Should I make my child the future Mbappé?

With a monthly salary of six million euros gross (journal estimate L’It isteam in March 2023), star Kylian Mbappé can make certain parents believe in a golden future for their child. Some people can already see themselves in the boxes of the Parc des Princes admiring their name plastered on one of the jerseys that walk on the lawn. But if the dream is allowed, it nonetheless remains very uncertain. Among the large million young people under the age of 18 licensed to the French Football Federation, only a handful will experience the elite.

Tired of statistics, parents – especially fathers – set up “Mbappé Projects” for their children. This hashtag (#projetmbappe) is flourishing on social networks in videos where little boys appear, with a ball on their feet, coached by their family. Witness to a major trend which affects many sports and transforms adults into pressure factors for young athletes. Even without falling into these extremes, it is not always easy to find your place in the stands or around the pitch. The temptation to go beyond simple encouragement is great.

“The risk of losing the leisure dimension”

“More than ever, parents are trying to get involved in everything, it’s exhausting, deplores William Mhadjou, an educator in Île-de-France for twenty-five years. From the 7-8 year old categories, some constantly intervene to tell their children what should be done. » Remarks on refereeing and criticism of the coach’s choices thus pollute the matches of children who are still very young. The climate created is deleterious. “We feel the pressure the children are subjected to by parents who only come in the hope of a professional future”, assures the technical director of the CO Vincennes (Val-de-Marne). According to Julien Bois, doctor in Staps at the University of Pau and expert on the role of parents, “ the family’s overinvestment is felt by the child who no longer plays his sport for the right reasons. He seeks to respond to an expectation. The risk is to lose the leisure dimension ».

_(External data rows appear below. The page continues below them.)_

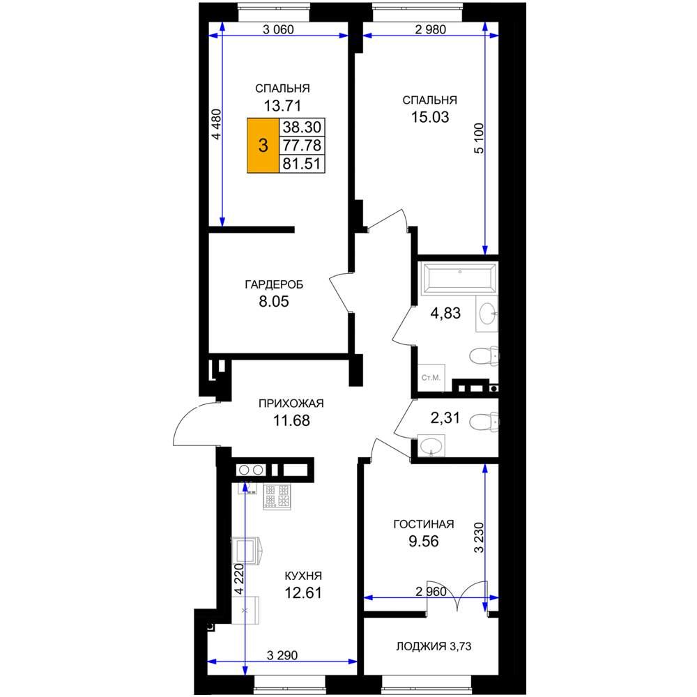 общая 81,51 м2, жилая 38,3 м2, кухни 12,61 м2 |
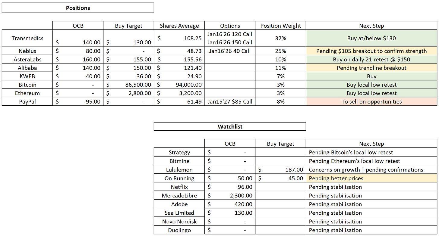 Right now, my watchlist includes: Strategy, Bitmine, Lululemon, MercadoLibre, On Running, UIPath, Netflix, Adobe, Sea Limited, Novo Nordisk and Duolingo.
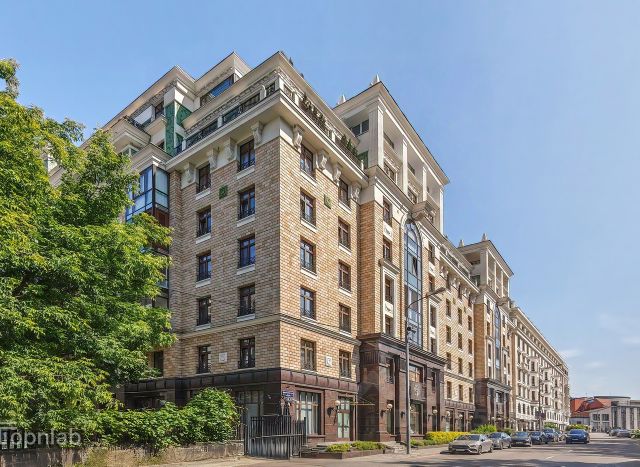 Дом премиум-класса, 300 квартир. Сочетание стиля роскошных особняков 19 века и сталинского ампира. Фасады из природного камня с колоннадами, лепниной, панно из итальянской мозаики с гербом Grand Deluxe. Лифты Schindler.
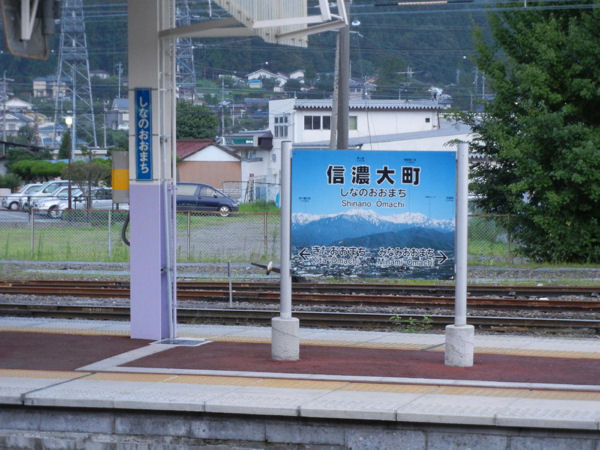 大町市の代表駅である。立山黒部アルペンルートの起終点ともなっており、当駅からは関西電力扇沢駅への路線バスが発着する。大糸線の運行上の拠点となっており、当駅を始終着とする列車も多い。当初は当駅と松本を結ぶ信濃鉄道の駅として開通したが、後に国鉄が当駅から糸魚川を結ぶ大糸線の建設に着手し、1929(昭和4)年に一部開通、その後信濃鉄道が国有化され、完全に国鉄(→JR)の駅となった。駅舎は木造平屋で、2010年のリニューアル時に山小屋風の外観となっている。駅舎内にはみどりの窓口や観光案内所、コンビニ、駅そばがある。
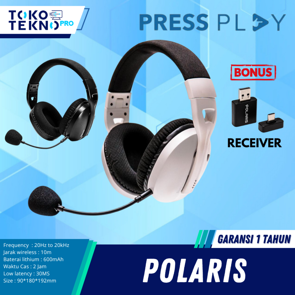 Press Play Polaris Wireless Headset Quad-e Gaming Headphones with Mic
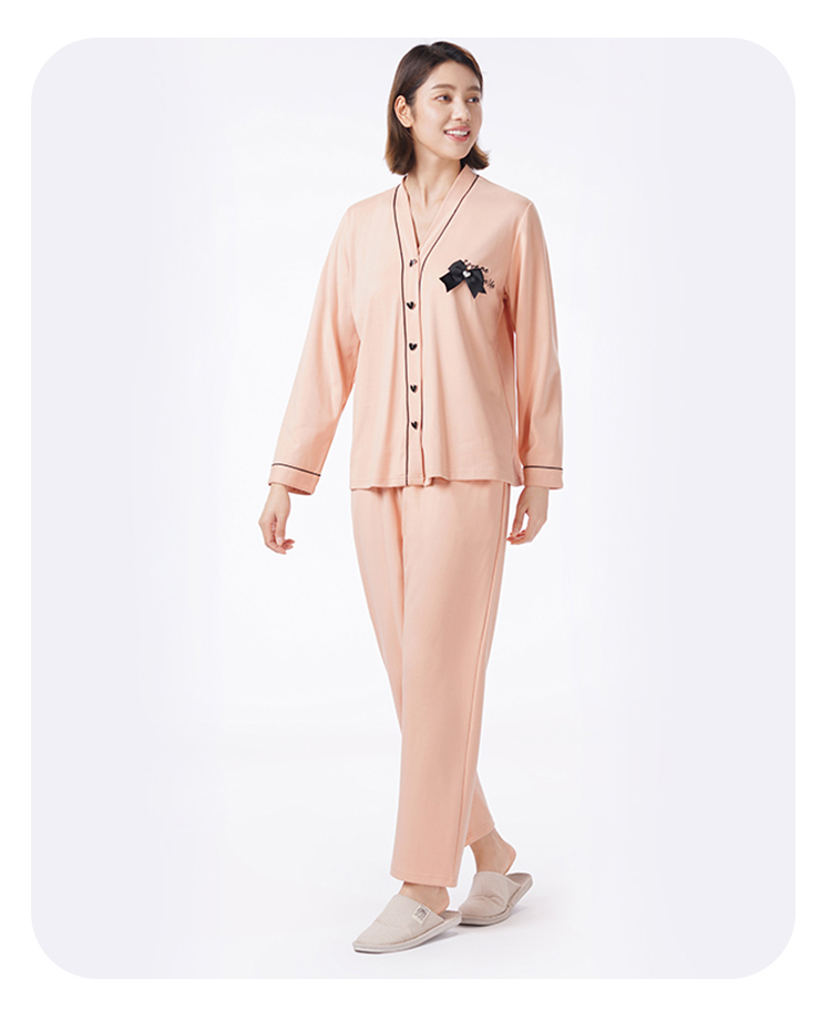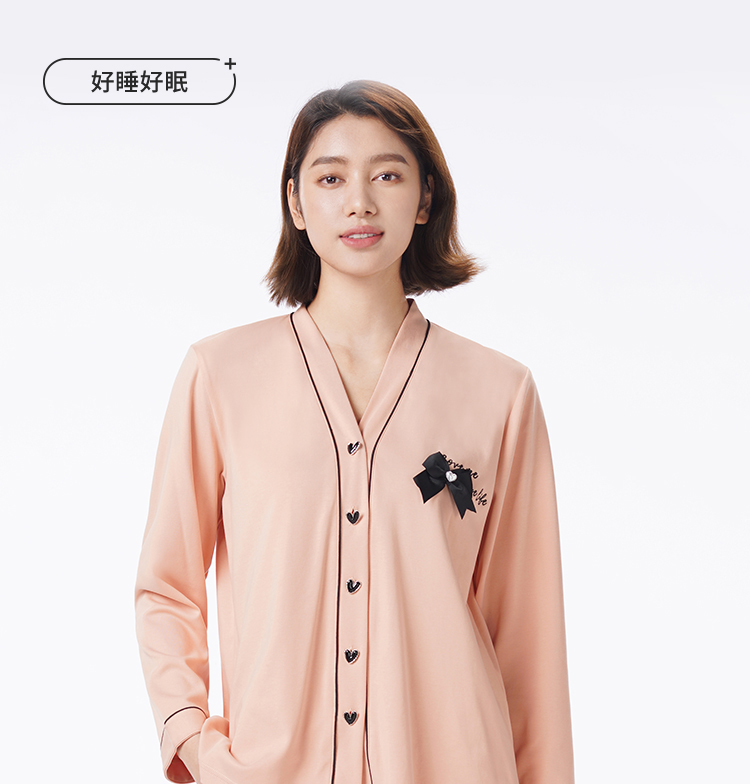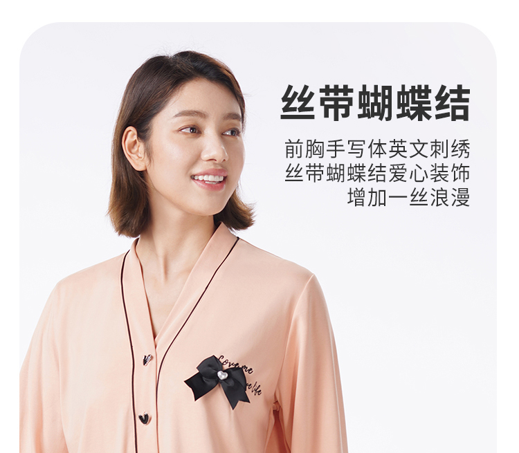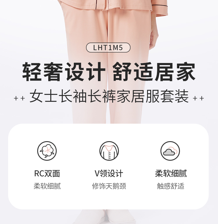 都市丽人睡衣好睡好眠长袖家居服RC50/50双面薄女士棉质套装LHT1M5

So how should you behave when your child plays sports? “The objective is not to become a source of pressure, or even suffering, but to opt for an educational approach, suggests Meriem Salmi, psychologist specializing in sport. It is important not to value the result, but courage and perseverance. » Regardless of the outcome of the tournament or match, parents must stick to a role of companion and support. As many sports players recall, no athlete has had a successful career without losing. “Defeats should not feel like a catastrophe and become a trauma for the child”adds the psychotherapist. “If you love your son, you love him all the time, whether he wins or loses”adds William Mhadjou.

For parents, become aware of their role

At stake: the notion of unconditional love, a pillar of security and construction for children. However, it finds itself undermined if the emotional relationship depends on a performance. “It is sometimes mechanical and involuntary, explains Julien Bois. Traveling 300 kilometers to see your child lose at the start of a tournament can be frustrating, but this disappointment is heartbreaking for a child. » He sees his parents’ love shaken by his own actions, in this case a lost meeting. To the sporting challenge is then added that of winning the pride and smile of one’s parents. Too heavy and unhealthy a challenge.

Sport must remain a pleasure, an educational pastime to learn a lot of precious human values, the famous “school of life”, a cliché assumed by William Mhadjou. But, even if they are rare, some children develop abilities that are out of the ordinary and have real potential. For these, support is always key. According to Meriem Salmi, former head of psychological monitoring at the National Institute of Sport, Expertise and Performance (Insep), who supports professional athletes (Teddy Riner, Romain Grosjean, etc.), the main thing is to stay their place as parents and to constitute a refuge for the child.

“The training rhythms can be very intense for young children or adolescents. Parents and the home must serve as a place of resources”, she recommends. A path to performance that necessarily involves the whole family as the sacrifices are so important. “You have to measure your investment, invites Julien Bois. Encourage, show interest, be available, but don’t overdo it to avoid generating additional pressure. » And for all those involved in this world of sports training, the urgency is to raise awareness. “Parents must realize their role”wishes Meriem Salmi who, more broadly, regrets the lack of psychological care for young athletes.